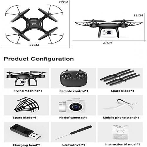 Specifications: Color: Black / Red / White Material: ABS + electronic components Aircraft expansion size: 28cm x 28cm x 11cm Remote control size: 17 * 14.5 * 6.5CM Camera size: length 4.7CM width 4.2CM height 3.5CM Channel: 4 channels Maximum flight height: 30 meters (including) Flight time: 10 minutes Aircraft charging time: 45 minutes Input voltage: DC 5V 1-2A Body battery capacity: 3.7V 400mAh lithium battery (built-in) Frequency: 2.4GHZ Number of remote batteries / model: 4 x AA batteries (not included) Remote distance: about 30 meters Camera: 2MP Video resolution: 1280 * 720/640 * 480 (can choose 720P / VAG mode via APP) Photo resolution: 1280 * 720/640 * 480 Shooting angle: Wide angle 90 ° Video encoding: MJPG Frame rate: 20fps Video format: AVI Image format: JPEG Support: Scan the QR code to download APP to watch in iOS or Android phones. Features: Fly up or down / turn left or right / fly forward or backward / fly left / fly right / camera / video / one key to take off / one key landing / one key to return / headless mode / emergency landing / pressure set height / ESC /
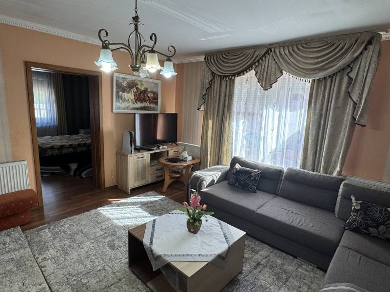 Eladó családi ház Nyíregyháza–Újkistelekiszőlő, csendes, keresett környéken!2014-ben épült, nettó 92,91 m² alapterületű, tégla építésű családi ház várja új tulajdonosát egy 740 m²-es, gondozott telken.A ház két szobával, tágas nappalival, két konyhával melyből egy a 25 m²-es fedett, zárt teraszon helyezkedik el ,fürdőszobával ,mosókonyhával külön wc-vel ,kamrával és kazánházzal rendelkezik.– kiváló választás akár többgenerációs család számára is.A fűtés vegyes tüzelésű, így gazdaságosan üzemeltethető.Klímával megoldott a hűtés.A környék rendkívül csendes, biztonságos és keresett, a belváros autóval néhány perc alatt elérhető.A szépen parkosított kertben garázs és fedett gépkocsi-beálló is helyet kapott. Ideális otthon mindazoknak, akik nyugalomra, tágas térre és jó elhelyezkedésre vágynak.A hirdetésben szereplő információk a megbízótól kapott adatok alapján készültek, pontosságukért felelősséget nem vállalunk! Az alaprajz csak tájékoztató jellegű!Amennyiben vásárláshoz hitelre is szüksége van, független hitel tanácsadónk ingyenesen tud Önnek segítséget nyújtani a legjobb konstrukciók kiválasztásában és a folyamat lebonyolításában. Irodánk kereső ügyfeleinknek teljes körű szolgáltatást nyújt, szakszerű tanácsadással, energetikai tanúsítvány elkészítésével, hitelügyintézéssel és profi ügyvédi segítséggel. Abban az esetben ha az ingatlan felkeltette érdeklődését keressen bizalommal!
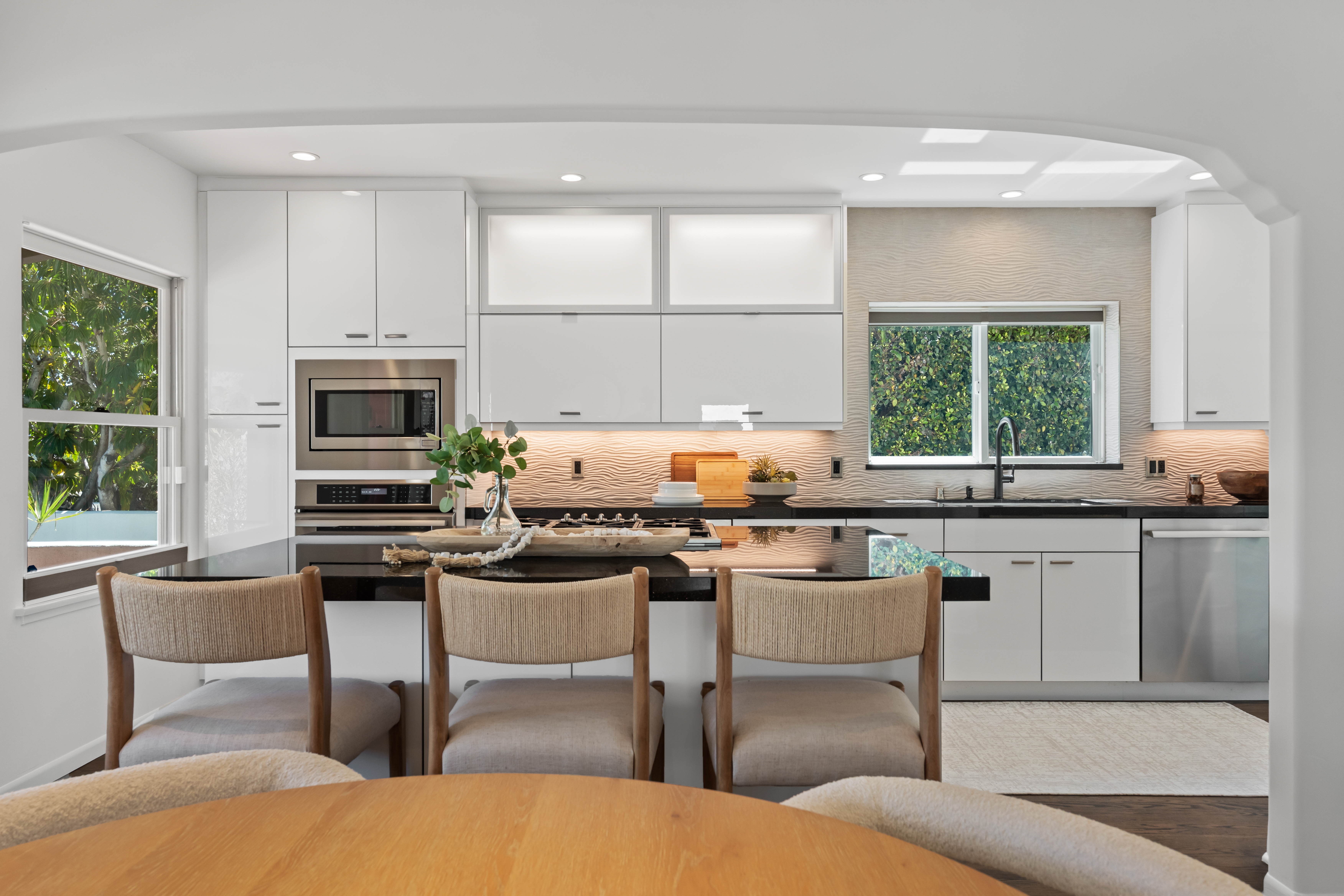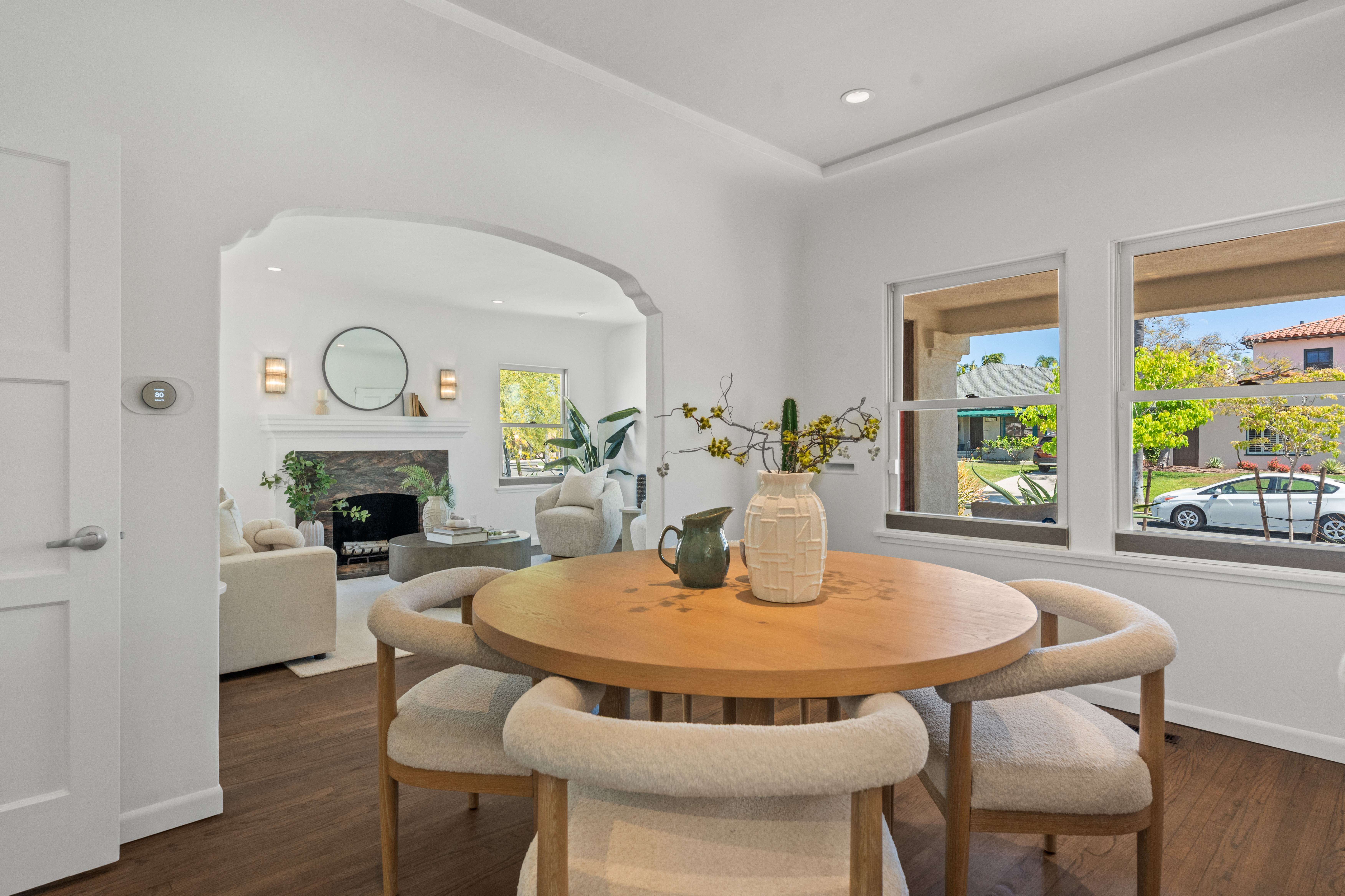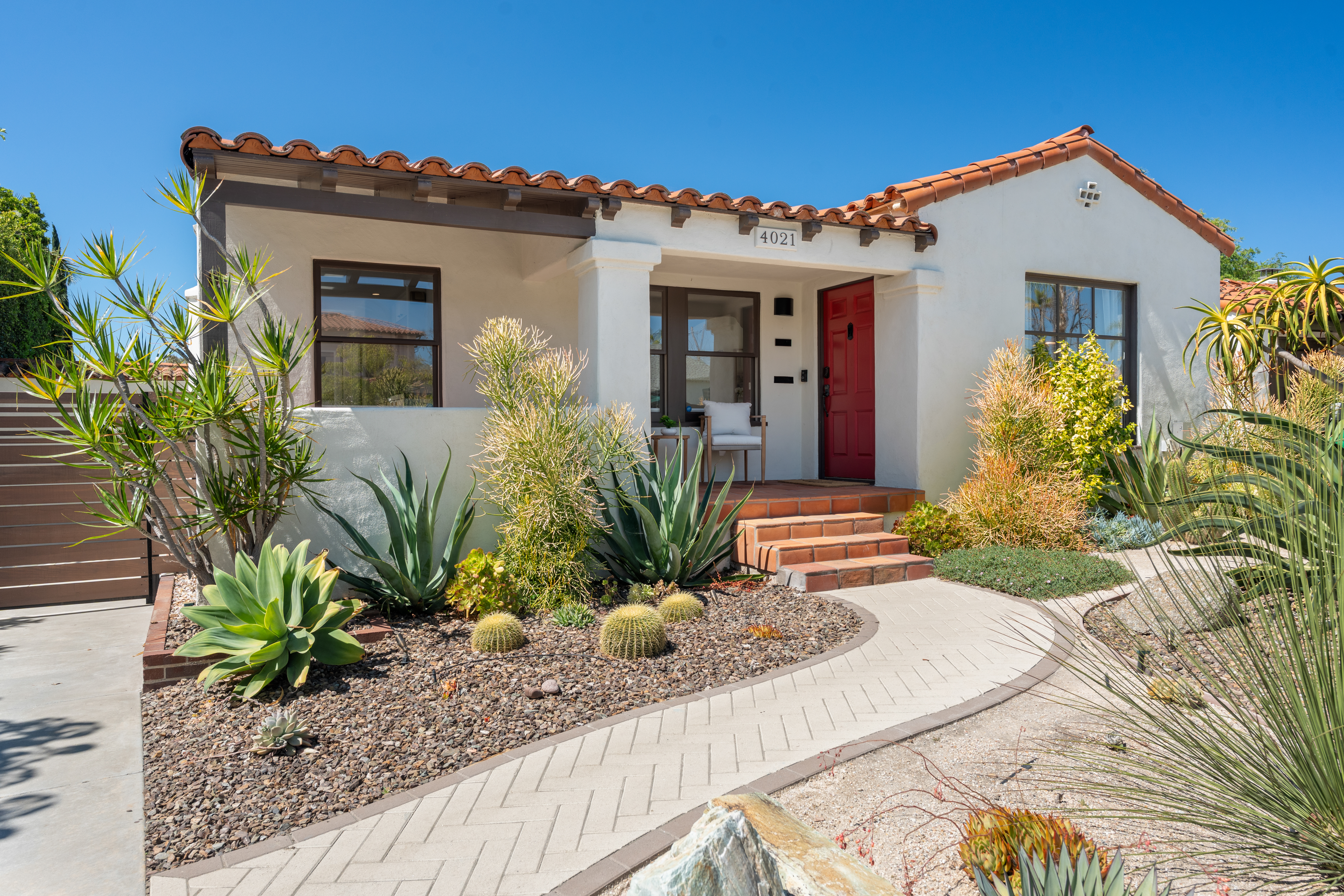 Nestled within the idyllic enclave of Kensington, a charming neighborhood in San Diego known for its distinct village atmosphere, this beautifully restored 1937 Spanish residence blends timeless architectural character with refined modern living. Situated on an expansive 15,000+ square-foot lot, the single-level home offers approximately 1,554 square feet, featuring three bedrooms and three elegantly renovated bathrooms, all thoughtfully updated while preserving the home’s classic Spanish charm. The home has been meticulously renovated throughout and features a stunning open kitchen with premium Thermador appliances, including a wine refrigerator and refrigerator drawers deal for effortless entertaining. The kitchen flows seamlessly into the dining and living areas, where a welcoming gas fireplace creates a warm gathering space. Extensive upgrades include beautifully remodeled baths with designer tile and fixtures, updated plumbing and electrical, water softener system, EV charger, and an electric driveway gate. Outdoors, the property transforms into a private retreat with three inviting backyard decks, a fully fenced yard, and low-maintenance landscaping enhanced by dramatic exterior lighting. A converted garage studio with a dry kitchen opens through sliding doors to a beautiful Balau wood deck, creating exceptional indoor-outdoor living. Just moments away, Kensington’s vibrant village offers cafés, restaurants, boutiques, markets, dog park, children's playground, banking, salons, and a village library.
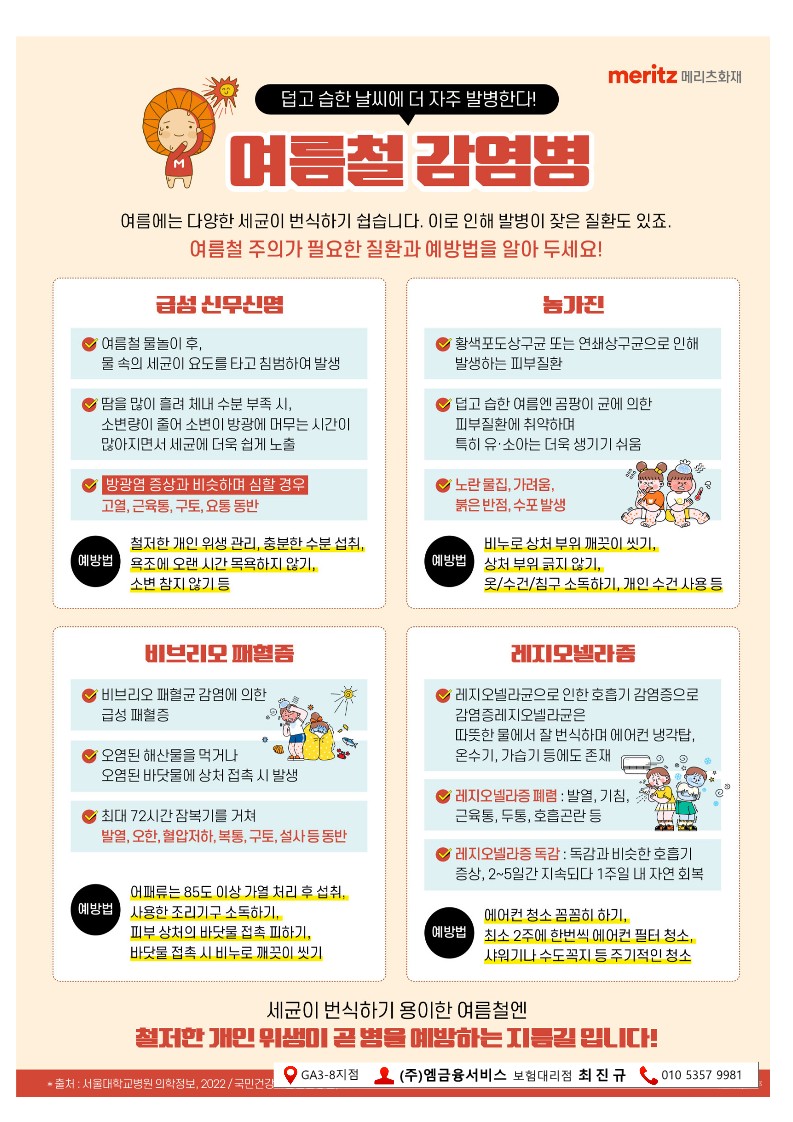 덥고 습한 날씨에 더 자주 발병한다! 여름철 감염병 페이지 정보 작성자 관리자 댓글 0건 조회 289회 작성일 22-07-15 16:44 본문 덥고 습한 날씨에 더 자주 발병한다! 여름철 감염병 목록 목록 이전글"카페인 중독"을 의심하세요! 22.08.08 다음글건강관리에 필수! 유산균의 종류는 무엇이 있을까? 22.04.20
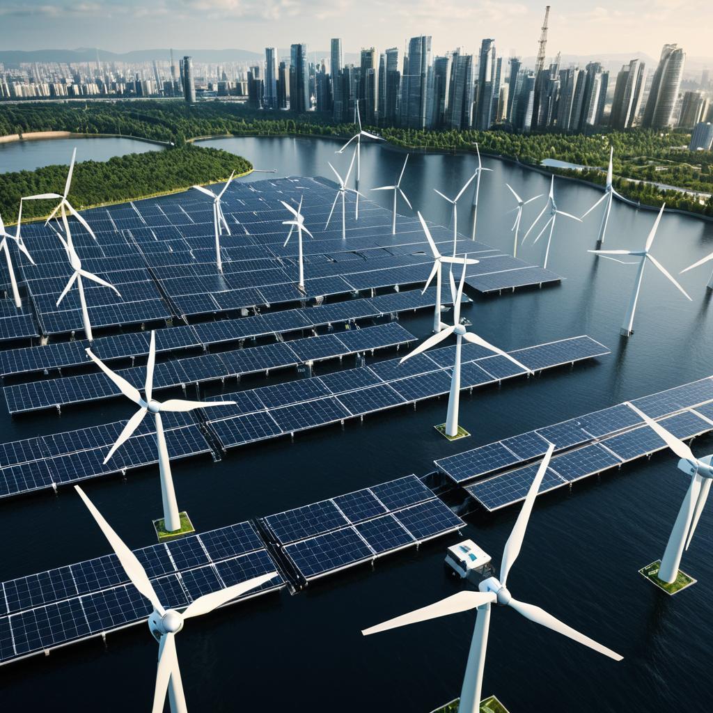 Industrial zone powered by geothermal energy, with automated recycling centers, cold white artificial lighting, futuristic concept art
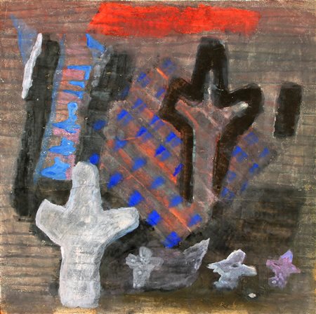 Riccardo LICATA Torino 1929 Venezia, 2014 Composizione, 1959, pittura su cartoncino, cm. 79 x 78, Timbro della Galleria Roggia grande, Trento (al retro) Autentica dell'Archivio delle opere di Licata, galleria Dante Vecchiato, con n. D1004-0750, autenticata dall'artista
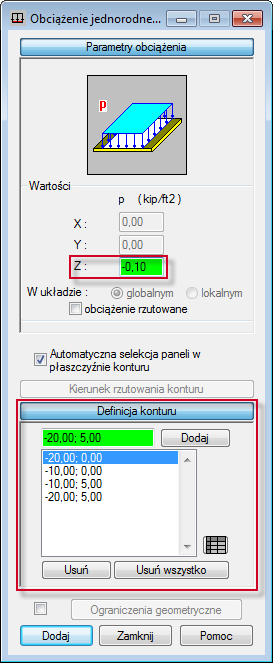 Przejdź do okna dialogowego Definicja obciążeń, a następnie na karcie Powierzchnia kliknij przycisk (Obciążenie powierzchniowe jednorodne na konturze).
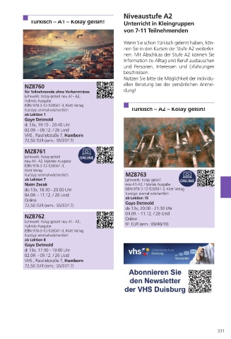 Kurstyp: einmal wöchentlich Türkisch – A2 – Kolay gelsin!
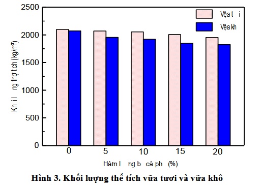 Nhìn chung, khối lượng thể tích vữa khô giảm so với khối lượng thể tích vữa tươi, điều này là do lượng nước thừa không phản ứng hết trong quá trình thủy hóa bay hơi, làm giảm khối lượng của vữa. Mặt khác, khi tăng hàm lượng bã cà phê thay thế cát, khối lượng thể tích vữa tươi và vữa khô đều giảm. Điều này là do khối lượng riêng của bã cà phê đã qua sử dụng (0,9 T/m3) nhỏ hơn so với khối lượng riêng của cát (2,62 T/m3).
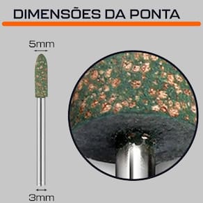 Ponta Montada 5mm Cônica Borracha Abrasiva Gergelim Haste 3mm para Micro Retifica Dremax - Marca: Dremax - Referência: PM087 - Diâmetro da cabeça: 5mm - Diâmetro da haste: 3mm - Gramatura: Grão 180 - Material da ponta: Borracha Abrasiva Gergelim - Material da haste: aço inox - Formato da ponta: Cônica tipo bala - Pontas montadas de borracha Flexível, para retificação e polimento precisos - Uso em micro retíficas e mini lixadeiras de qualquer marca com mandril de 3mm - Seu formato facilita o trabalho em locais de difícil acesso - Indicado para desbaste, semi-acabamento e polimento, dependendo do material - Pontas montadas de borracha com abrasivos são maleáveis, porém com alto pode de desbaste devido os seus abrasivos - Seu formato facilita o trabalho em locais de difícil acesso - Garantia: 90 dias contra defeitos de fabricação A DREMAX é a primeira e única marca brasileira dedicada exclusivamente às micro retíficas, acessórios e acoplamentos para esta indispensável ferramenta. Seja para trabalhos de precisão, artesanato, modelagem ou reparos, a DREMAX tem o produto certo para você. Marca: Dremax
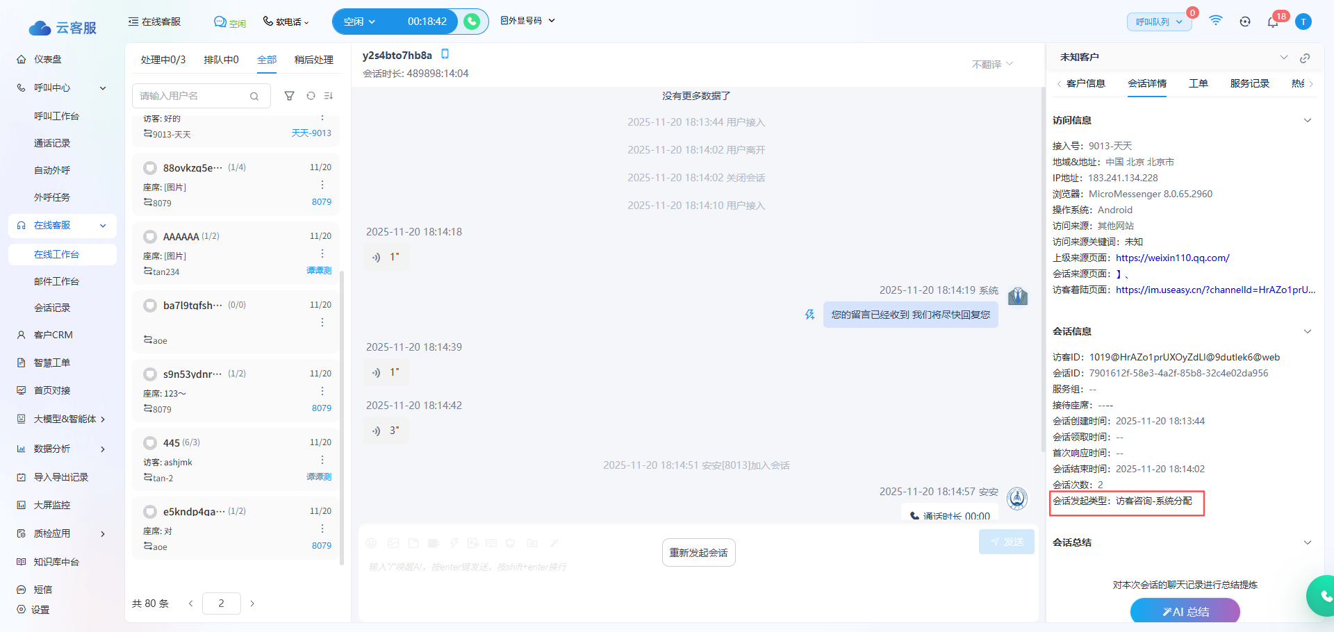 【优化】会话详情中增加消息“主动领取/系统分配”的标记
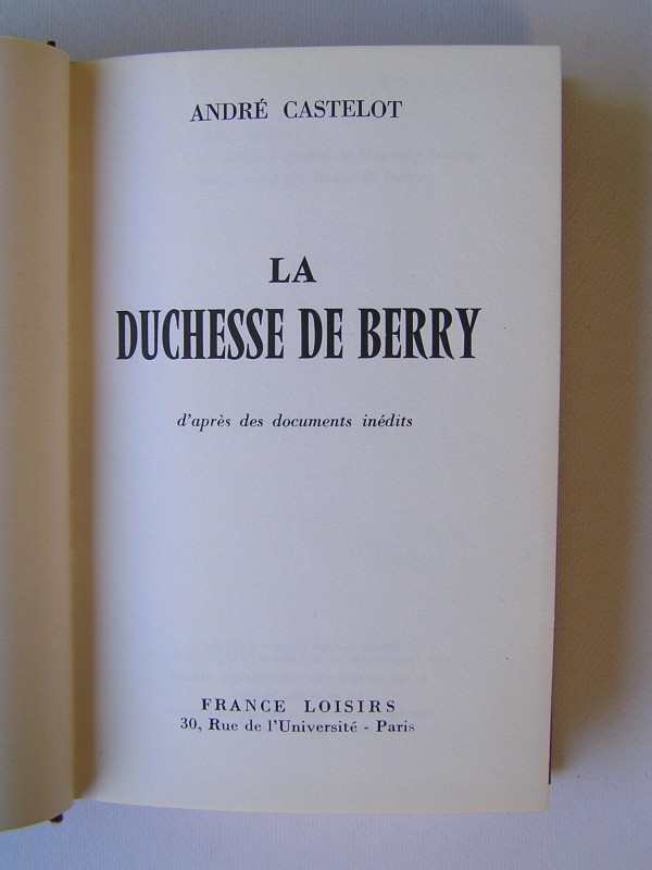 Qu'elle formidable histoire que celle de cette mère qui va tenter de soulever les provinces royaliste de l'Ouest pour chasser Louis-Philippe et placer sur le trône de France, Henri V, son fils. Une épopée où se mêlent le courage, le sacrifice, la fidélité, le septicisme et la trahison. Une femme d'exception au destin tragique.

- _Task to complete_:
When you reach the line holding "Przejdź do okna" in the listing above, begin retyping exactly, and stop once the line holding "Kurstyp: einmal wöchentlich" is done; pictures stay out.

- _Response for this exercise_:
 Przejdź do okna dialogowego Definicja obciążeń, a następnie na karcie Powierzchnia kliknij przycisk (Obciążenie powierzchniowe jednorodne na konturze).
 Kurstyp: einmal wöchentlich Türkisch – A2 – Kolay gelsin!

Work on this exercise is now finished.